• _SUPPLIED INFORMATION_:
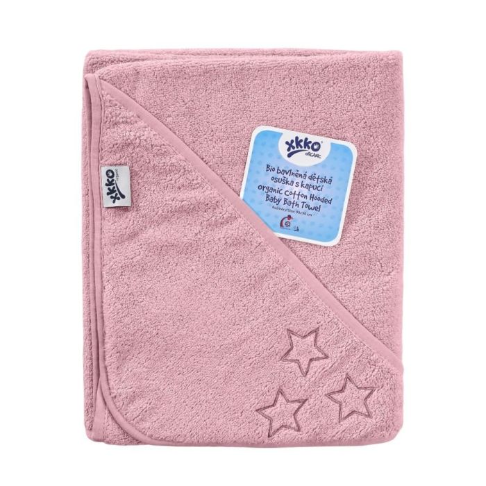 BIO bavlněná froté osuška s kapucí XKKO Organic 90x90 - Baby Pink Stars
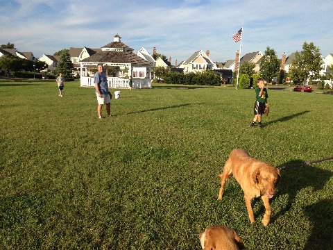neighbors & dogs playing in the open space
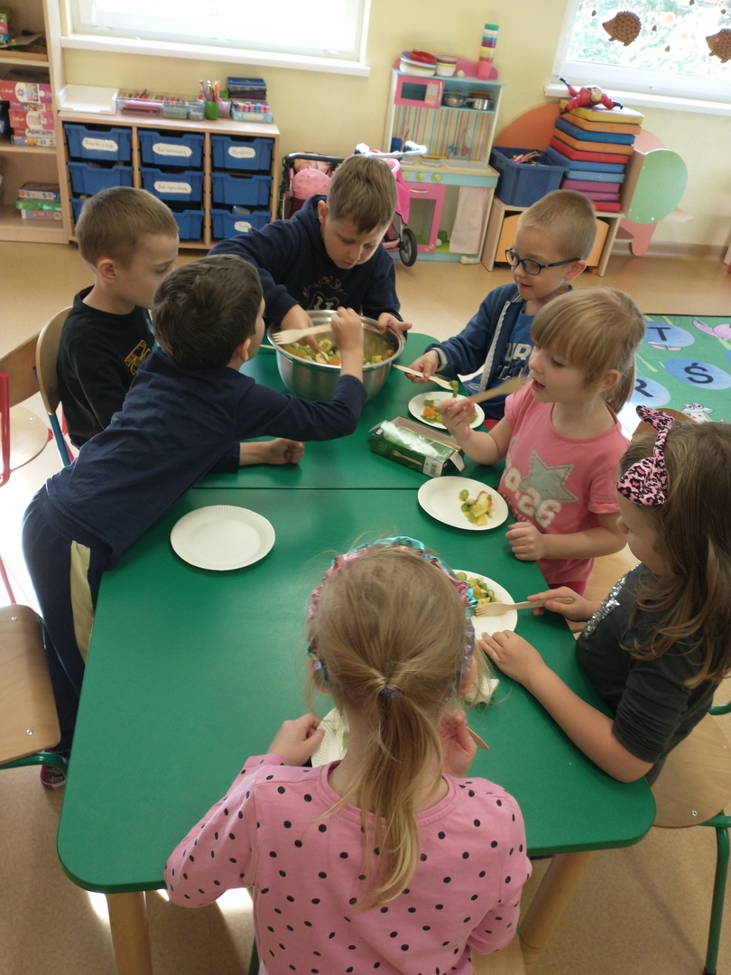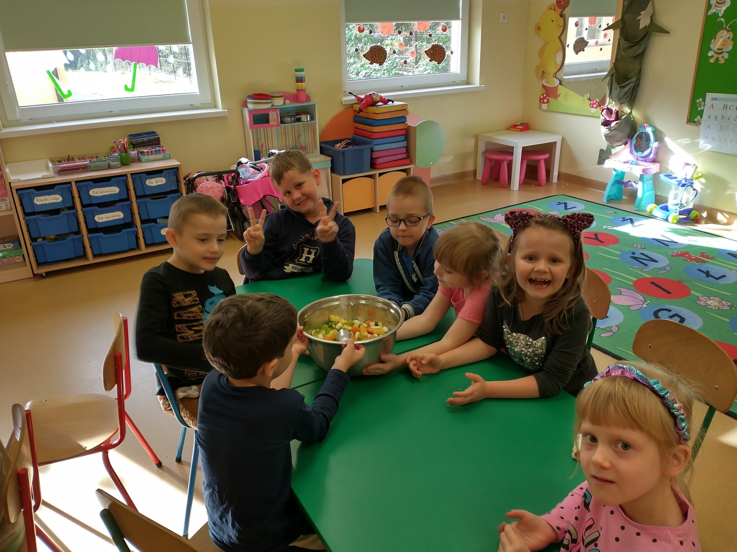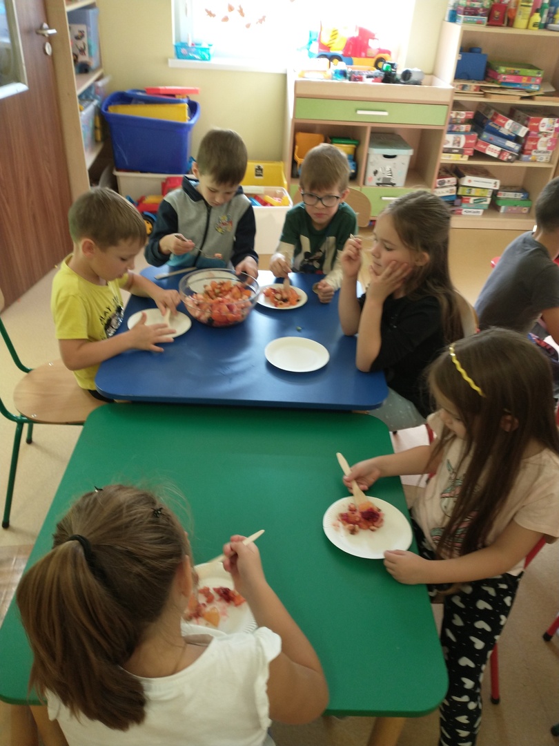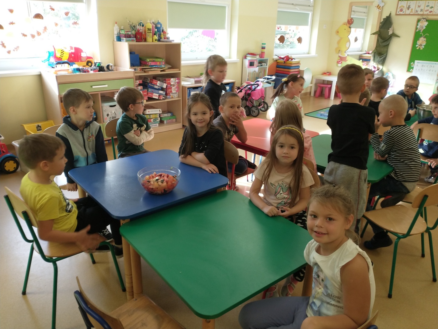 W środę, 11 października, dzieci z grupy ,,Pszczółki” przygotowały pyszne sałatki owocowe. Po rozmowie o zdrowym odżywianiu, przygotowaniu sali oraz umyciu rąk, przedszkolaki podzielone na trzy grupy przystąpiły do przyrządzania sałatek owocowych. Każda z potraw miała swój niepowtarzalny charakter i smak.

• _ACTIVITY_:
Reproduce the full listing faithfully, but do not carry over any pictures.

• _ANSWER SPACE_:
 BIO bavlněná froté osuška s kapucí XKKO Organic 90x90 - Baby Pink Stars
neighbors & dogs playing in the open space
 W środę, 11 października, dzieci z grupy ,,Pszczółki” przygotowały pyszne sałatki owocowe. Po rozmowie o zdrowym odżywianiu, przygotowaniu sali oraz umyciu rąk, przedszkolaki podzielone na trzy grupy przystąpiły do przyrządzania sałatek owocowych. Każda z potraw miała swój niepowtarzalny charakter i smak.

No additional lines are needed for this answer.